Pictures are to be omitted, and every entry below is to be restated exactly.

Recorded data
++++++++++

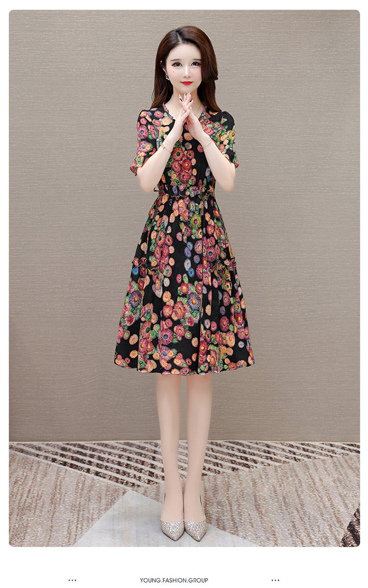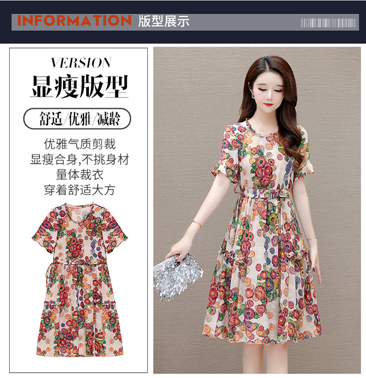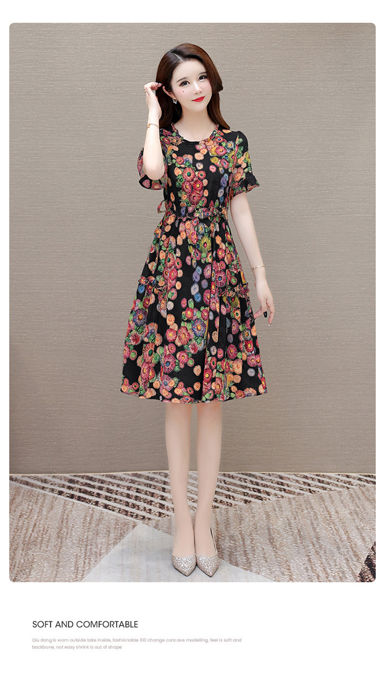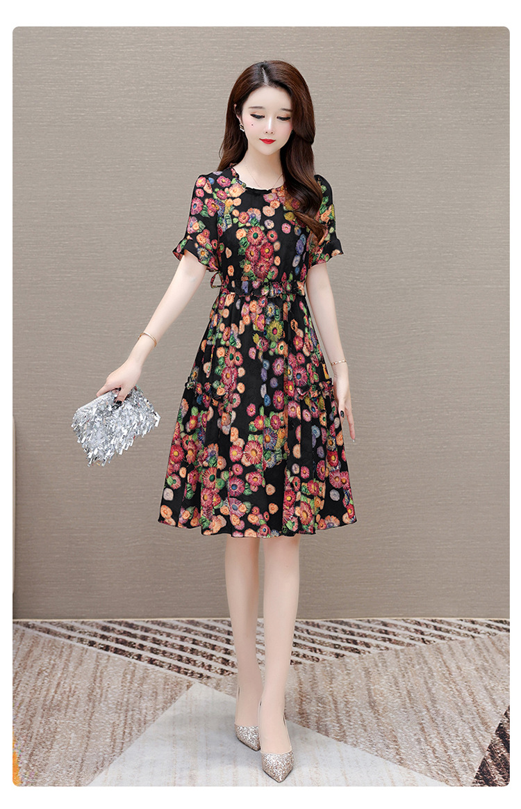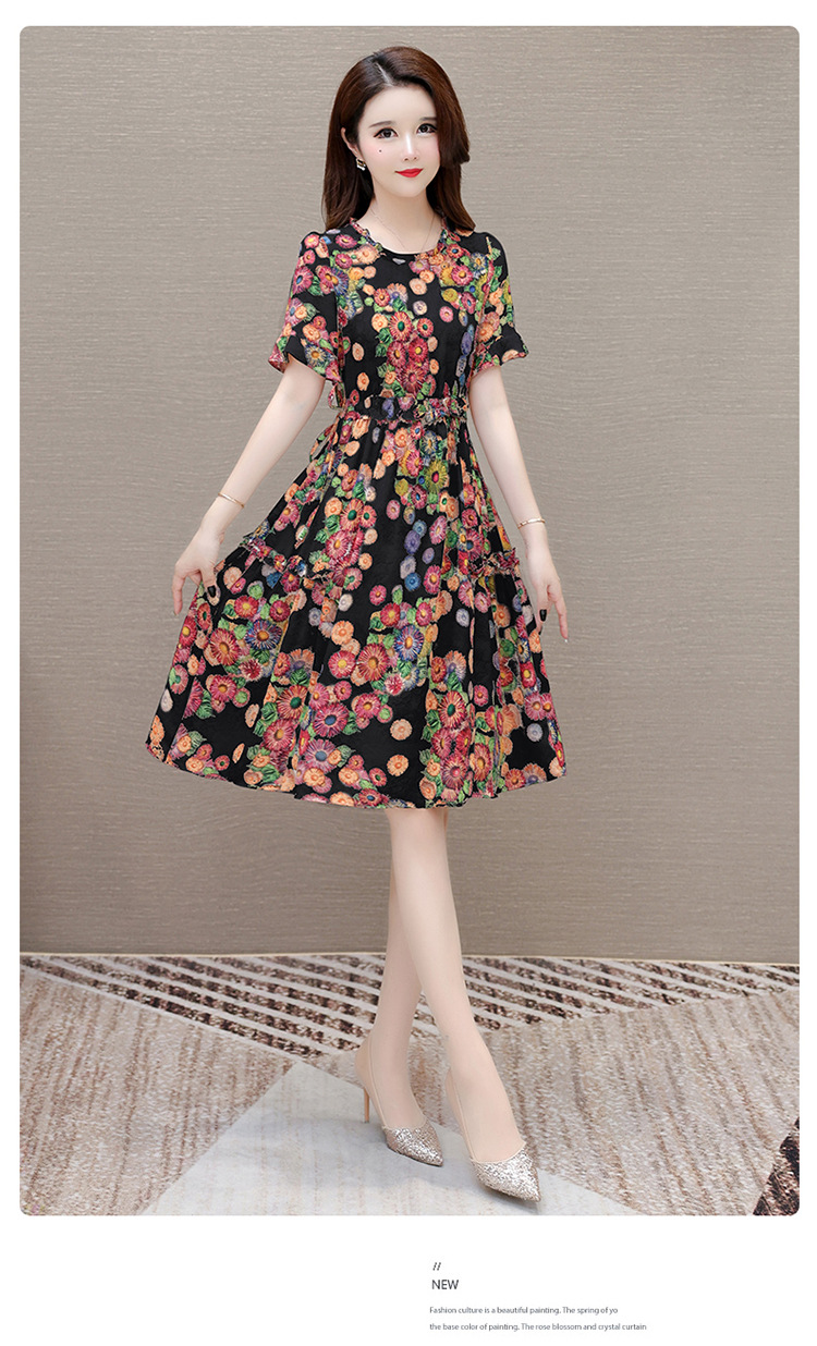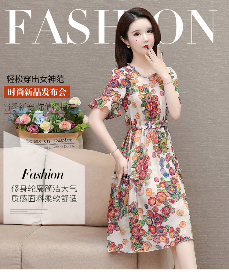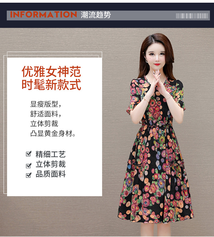 短袖圆领印花连衣裙,洋气收腰中长款A字裙QYM- JJ-HB246623-Y
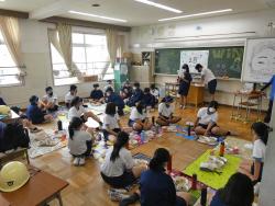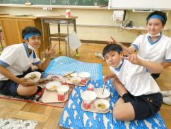 1度延期し、平日に実施となった影響で、教室にレジャーシートを敷いて給食を食べることとなりました。午後の競技に向けて話し合ったり、雑談をしたり、リラックスした雰囲気で昼食を食べている様子でした。
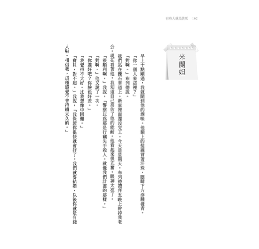 「好啊。」她說,把書闔上,封面朝上放在錢包旁邊。《蜜月殺機》,作者是派翠西亞.海史密斯。
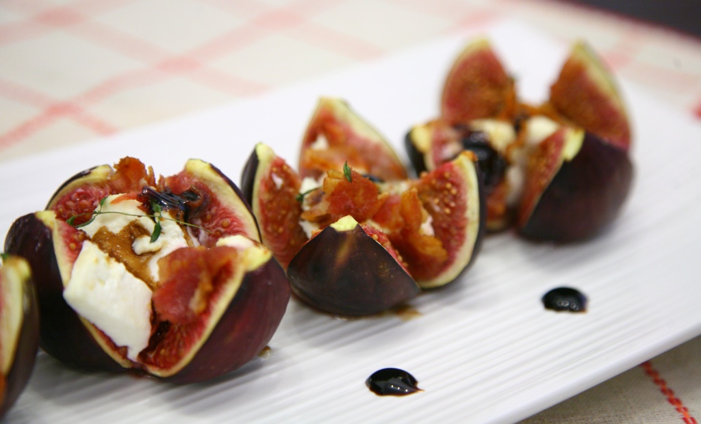 Gli accostamenti sembrano un po’ azzardati, ma il sapore della robiola di capra si sposa perfettamente con il gusto dolce del fico e la croccantezza del bacon dona al piatto una marcia in più.
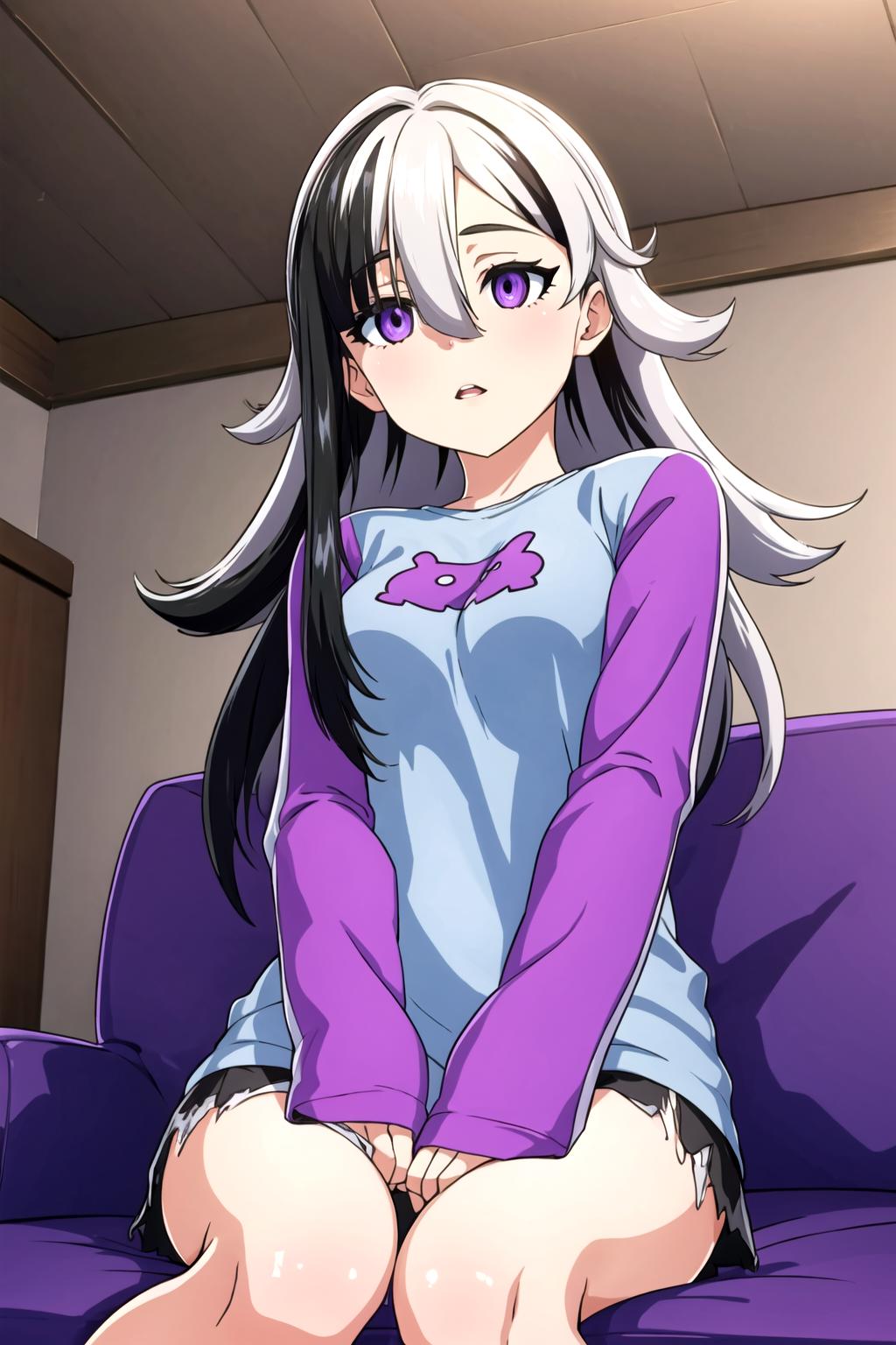 ・MGCM Dia(long hair, multicolored hair, black hair, white hair, hair over one eye, purple eyes, )
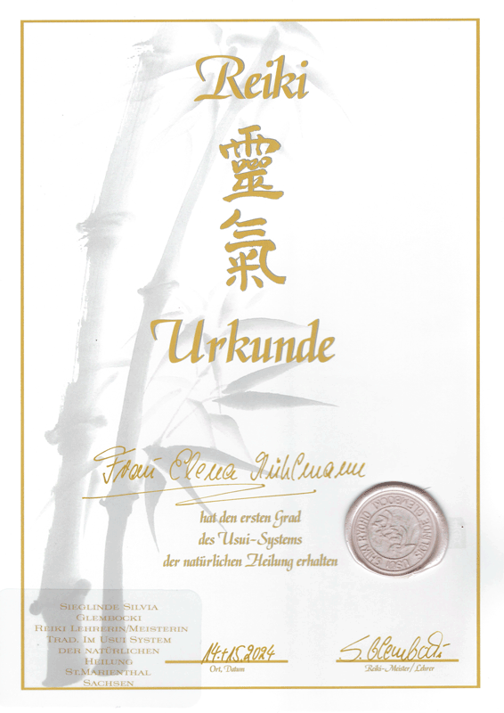 Ich habe den ersten Grad des Usui-Systems der natürlichen Heilung bei Sieglinde Silvia Glembocki (Reiki-Lehrerin/Meisterin, St. Marienthal) erfolgreich abgeschlossen. In der Ausbildung lernte ich die Grundlagen der Reiki-Energiearbeit, Handpositionen für Selbst- und Fremdbehandlungen sowie Techniken zur Stärkung von Achtsamkeit und innerer Balance.
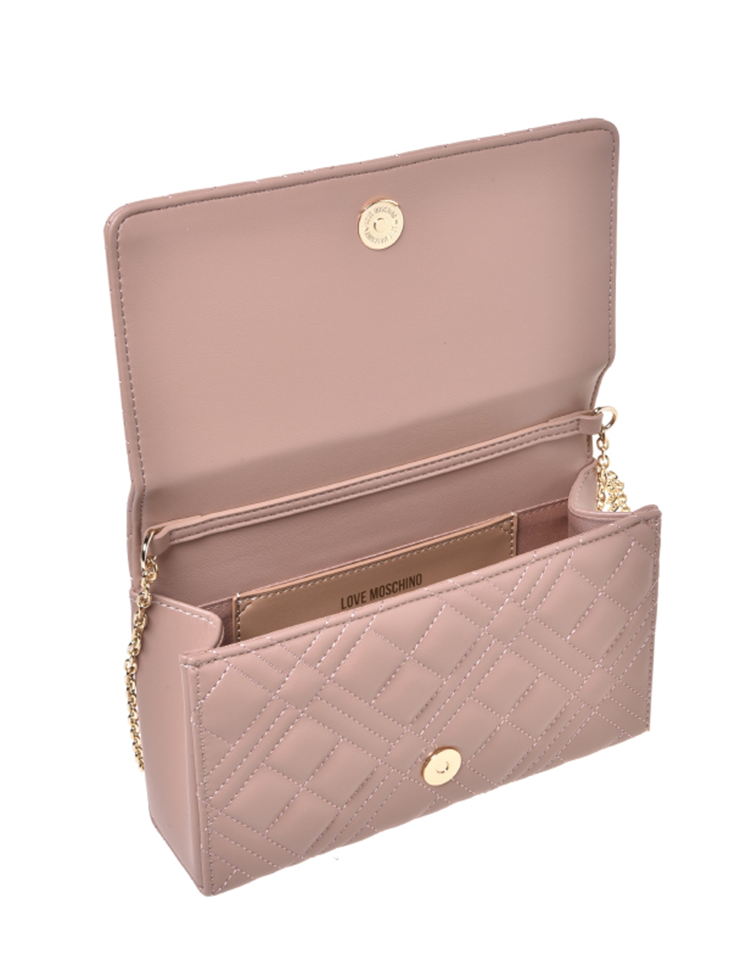Borsa a tracolla in PU trapuntata, con logo lettering in metallo sul davanti, tracolla a catena, impunture in tinta, chiusura magnetica e interno foderato con tasca. Per un look fashion e chic. MOSCHINO LOVE

++++++++++

Solution to this problem
 短袖圆领印花连衣裙,洋气收腰中长款A字裙QYM- JJ-HB246623-Y
 1度延期し、平日に実施となった影響で、教室にレジャーシートを敷いて給食を食べることとなりました。午後の競技に向けて話し合ったり、雑談をしたり、リラックスした雰囲気で昼食を食べている様子でした。
 「好啊。」她說,把書闔上,封面朝上放在錢包旁邊。《蜜月殺機》,作者是派翠西亞.海史密斯。
 Gli accostamenti sembrano un po’ azzardati, ma il sapore della robiola di capra si sposa perfettamente con il gusto dolce del fico e la croccantezza del bacon dona al piatto una marcia in più.
 ・MGCM Dia(long hair, multicolored hair, black hair, white hair, hair over one eye, purple eyes, )
 Ich habe den ersten Grad des Usui-Systems der natürlichen Heilung bei Sieglinde Silvia Glembocki (Reiki-Lehrerin/Meisterin, St. Marienthal) erfolgreich abgeschlossen. In der Ausbildung lernte ich die Grundlagen der Reiki-Energiearbeit, Handpositionen für Selbst- und Fremdbehandlungen sowie Techniken zur Stärkung von Achtsamkeit und innerer Balance.
Borsa a tracolla in PU trapuntata, con logo lettering in metallo sul davanti, tracolla a catena, impunture in tinta, chiusura magnetica e interno foderato con tasca. Per un look fashion e chic. MOSCHINO LOVE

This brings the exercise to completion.